To remedy this situation, this benchmarker allows the user to specify the split scheme with the test_set_specs and num_cross_validation_folds options. Here's an example config:

test_size: 0.5
test_start_idx: 0.5
num_training_partitions: 10
num_training_sets: 5


  • The test set consists of classes with labels in [num_labels * start_idx, num_labels * (start_idx+size)]. Note that if we set start_idx to 0.9, the range would wrap around to the beginning (0.9 to 1, 0 to 0.4).
  • The remaining classes will be split into 10 equal sized partitions.
  • 5 of those partitions will be used for training. In other words, 5-fold cross validation will be performed, but the size of the partitions will be the same as if 10-fold cross validation was being performed.
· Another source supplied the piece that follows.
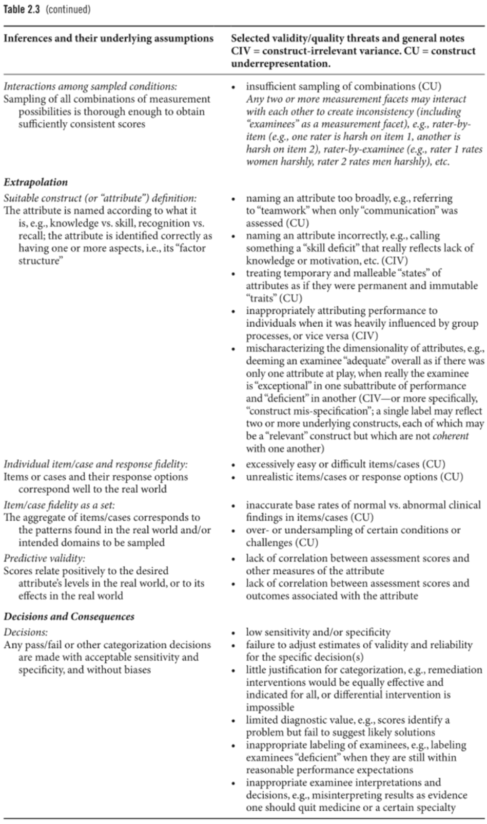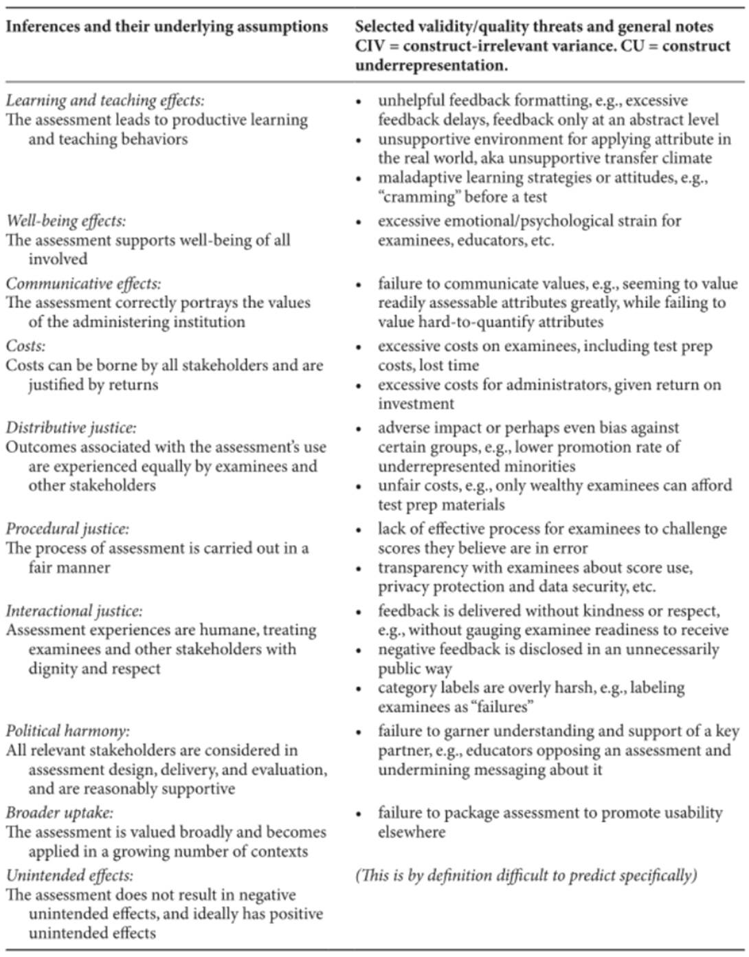 결국, 어떤 시험은 위의 의미에서 “타당(valid)”할 수 있으나, 용납할 수 없는 부정적 결과를 초래한다면 질이나 적합성은 낮다고 볼 수 있다. “평가(evaluation)”라는 표현은 또한 이 질문을 넓은 시각에서 바라봐야 함을 상기시킨다. 즉, 교육 및 보건의료 시스템이라는 복잡하고 혼란스러운(big, messy) 맥락 속에서, 평가가 긍정적·부정적 영향을 어떻게 미치는지를 검토해야 한다는 것이다.

When evaluating the cross-validated models, the best model from each fold will be loaded, and the results be averaged. Alternatively, you can set the config option meta_testing_method to ConcatenateEmbeddings. This will load the best model from each fold, but treat them as one model during evaluation on the test set, by concatenating their outputs.

If instead you still want to use the old 50/50 train/test split, then set special_split_scheme_name to old_approach. Otherwise, leave it as null.

Meta logs

When doing cross validation, a new set of meta records will be created. The meta records show the average of the best accuracies of your training runs. You can find these records on tensorboard and in the meta_logs folder.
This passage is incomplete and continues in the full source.